Goal of the exercise — Find the line with "大家好,綜合小編來為大家講解" and the line with "法規希望我們能夠直線抵達(直" in the entries below; output exactly those two lines, every line between them, and no others.

Dataset excerpts —

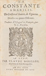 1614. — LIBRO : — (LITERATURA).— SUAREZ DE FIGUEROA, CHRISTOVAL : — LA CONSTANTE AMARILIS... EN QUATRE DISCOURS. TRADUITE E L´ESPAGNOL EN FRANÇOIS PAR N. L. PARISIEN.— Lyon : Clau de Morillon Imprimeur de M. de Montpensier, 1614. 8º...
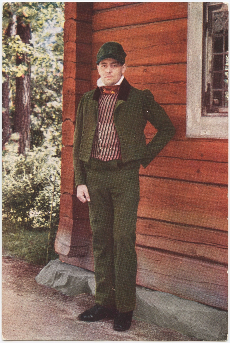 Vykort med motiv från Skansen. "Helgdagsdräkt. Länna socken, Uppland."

* * *

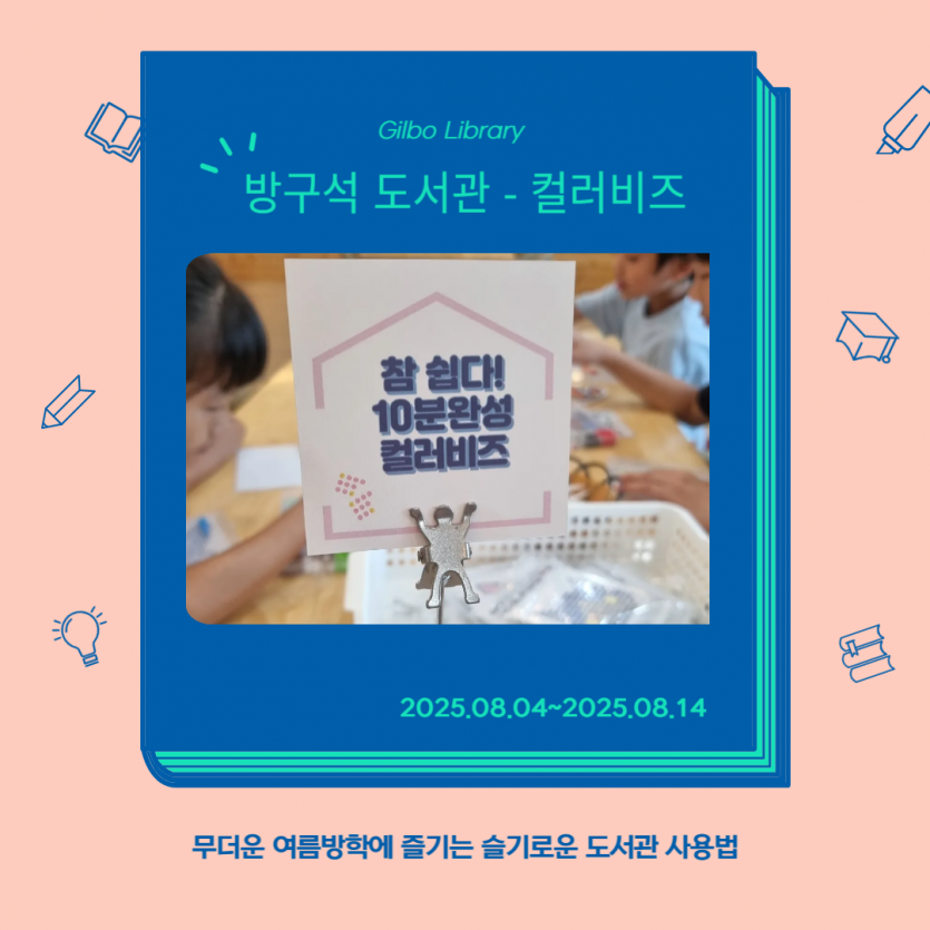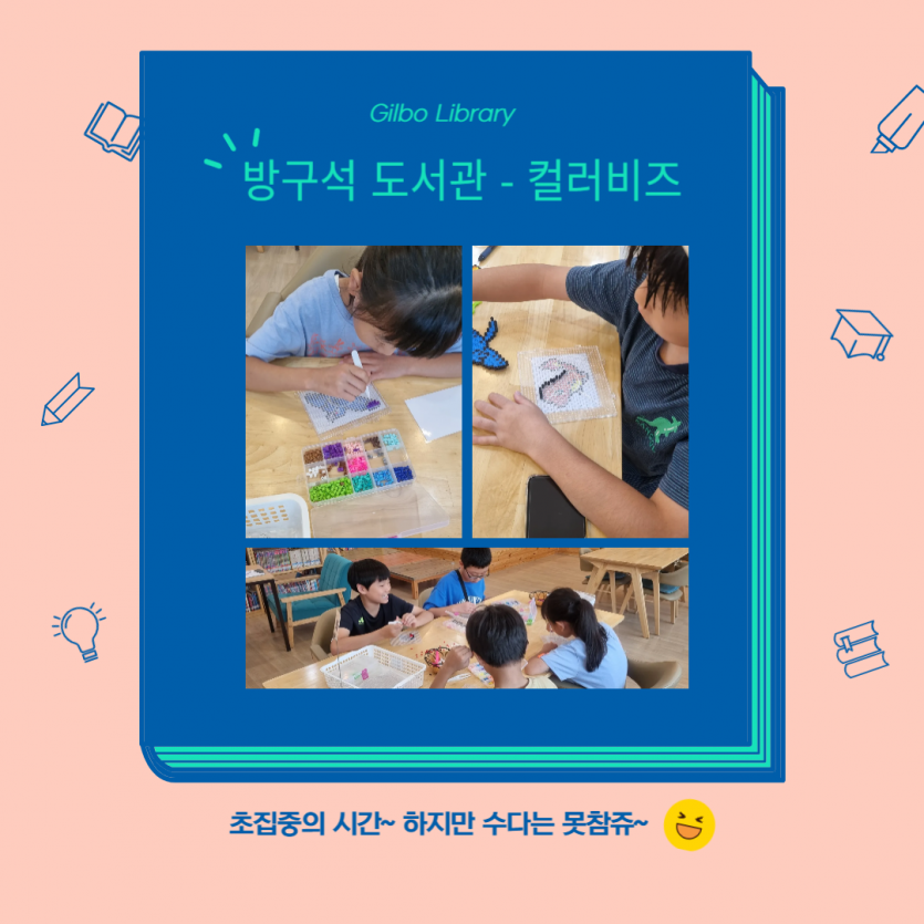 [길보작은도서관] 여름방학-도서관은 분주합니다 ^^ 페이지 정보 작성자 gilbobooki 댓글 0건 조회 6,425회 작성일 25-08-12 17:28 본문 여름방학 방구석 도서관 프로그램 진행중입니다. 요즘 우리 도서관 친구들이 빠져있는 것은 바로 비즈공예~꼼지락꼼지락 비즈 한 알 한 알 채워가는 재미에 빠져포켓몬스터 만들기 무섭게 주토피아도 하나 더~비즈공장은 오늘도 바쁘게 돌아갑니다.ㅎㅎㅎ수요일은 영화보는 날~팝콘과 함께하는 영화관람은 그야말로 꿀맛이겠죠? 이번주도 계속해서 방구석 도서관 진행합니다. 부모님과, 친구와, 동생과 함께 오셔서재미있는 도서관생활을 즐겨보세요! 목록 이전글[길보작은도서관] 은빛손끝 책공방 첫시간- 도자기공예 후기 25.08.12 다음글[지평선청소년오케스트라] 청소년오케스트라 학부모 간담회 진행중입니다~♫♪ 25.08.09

--

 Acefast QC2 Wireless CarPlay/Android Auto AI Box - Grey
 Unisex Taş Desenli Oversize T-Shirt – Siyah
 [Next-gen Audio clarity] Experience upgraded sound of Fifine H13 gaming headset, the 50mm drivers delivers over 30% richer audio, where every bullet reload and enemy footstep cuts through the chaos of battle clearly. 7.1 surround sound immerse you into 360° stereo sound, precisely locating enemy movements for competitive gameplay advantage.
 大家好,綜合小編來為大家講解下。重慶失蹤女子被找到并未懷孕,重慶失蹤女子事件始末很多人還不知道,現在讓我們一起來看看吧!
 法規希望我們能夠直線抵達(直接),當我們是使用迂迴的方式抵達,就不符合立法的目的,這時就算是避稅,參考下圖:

Solution for this problem —
 大家好,綜合小編來為大家講解下。重慶失蹤女子被找到并未懷孕,重慶失蹤女子事件始末很多人還不知道,現在讓我們一起來看看吧!
 法規希望我們能夠直線抵達(直接),當我們是使用迂迴的方式抵達,就不符合立法的目的,這時就算是避稅,參考下圖:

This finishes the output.